» Aim of the task:
Look below for the line holding "I grumi, posti" and the line holding "Girl wears red". Transcribe exactly those lines and all lines between them, nothing more.

» Information provided:
=-=-=-=-=

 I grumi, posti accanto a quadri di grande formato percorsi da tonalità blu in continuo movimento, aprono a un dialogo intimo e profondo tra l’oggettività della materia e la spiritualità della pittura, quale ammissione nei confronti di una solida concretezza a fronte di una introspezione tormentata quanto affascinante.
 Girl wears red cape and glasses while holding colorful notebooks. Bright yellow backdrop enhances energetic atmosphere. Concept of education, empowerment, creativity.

=-=-=-=-=

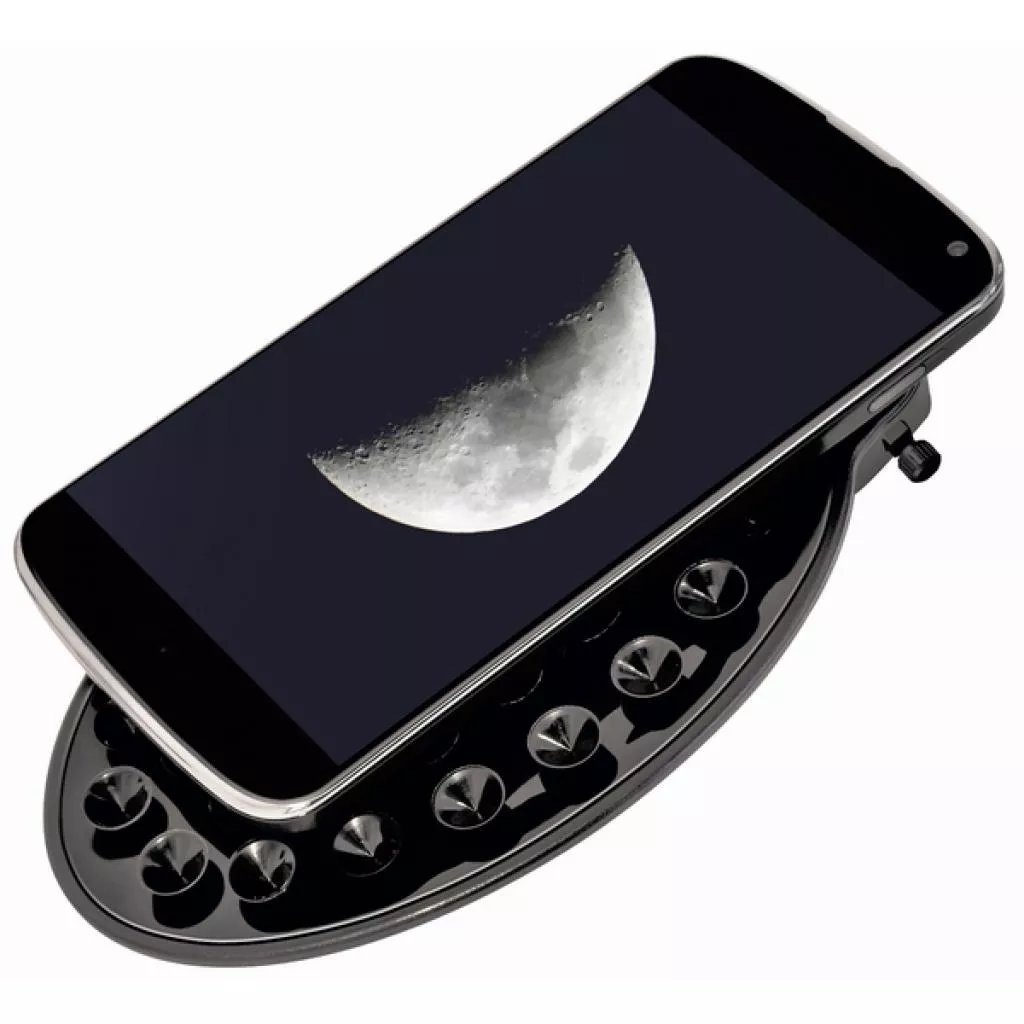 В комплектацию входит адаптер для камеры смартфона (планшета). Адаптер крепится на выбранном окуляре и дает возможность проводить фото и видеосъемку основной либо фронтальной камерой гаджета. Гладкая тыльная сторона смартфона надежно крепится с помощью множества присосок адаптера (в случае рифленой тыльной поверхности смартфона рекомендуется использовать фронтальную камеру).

=-=-=-=-=

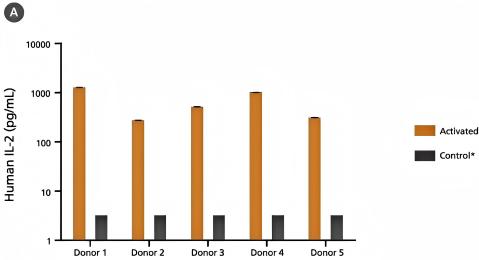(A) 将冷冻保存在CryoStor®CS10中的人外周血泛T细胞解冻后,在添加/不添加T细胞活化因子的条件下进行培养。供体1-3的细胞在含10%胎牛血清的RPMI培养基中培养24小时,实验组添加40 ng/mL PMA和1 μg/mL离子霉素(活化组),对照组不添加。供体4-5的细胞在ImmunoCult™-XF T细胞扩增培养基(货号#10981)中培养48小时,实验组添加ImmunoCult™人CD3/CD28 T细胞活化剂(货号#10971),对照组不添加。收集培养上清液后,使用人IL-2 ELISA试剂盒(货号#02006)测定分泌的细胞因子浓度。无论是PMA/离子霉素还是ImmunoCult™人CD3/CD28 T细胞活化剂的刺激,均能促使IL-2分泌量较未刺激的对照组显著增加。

=-=-=-=-=

» Response:
 I grumi, posti accanto a quadri di grande formato percorsi da tonalità blu in continuo movimento, aprono a un dialogo intimo e profondo tra l’oggettività della materia e la spiritualità della pittura, quale ammissione nei confronti di una solida concretezza a fronte di una introspezione tormentata quanto affascinante.
 Girl wears red cape and glasses while holding colorful notebooks. Bright yellow backdrop enhances energetic atmosphere. Concept of education, empowerment, creativity.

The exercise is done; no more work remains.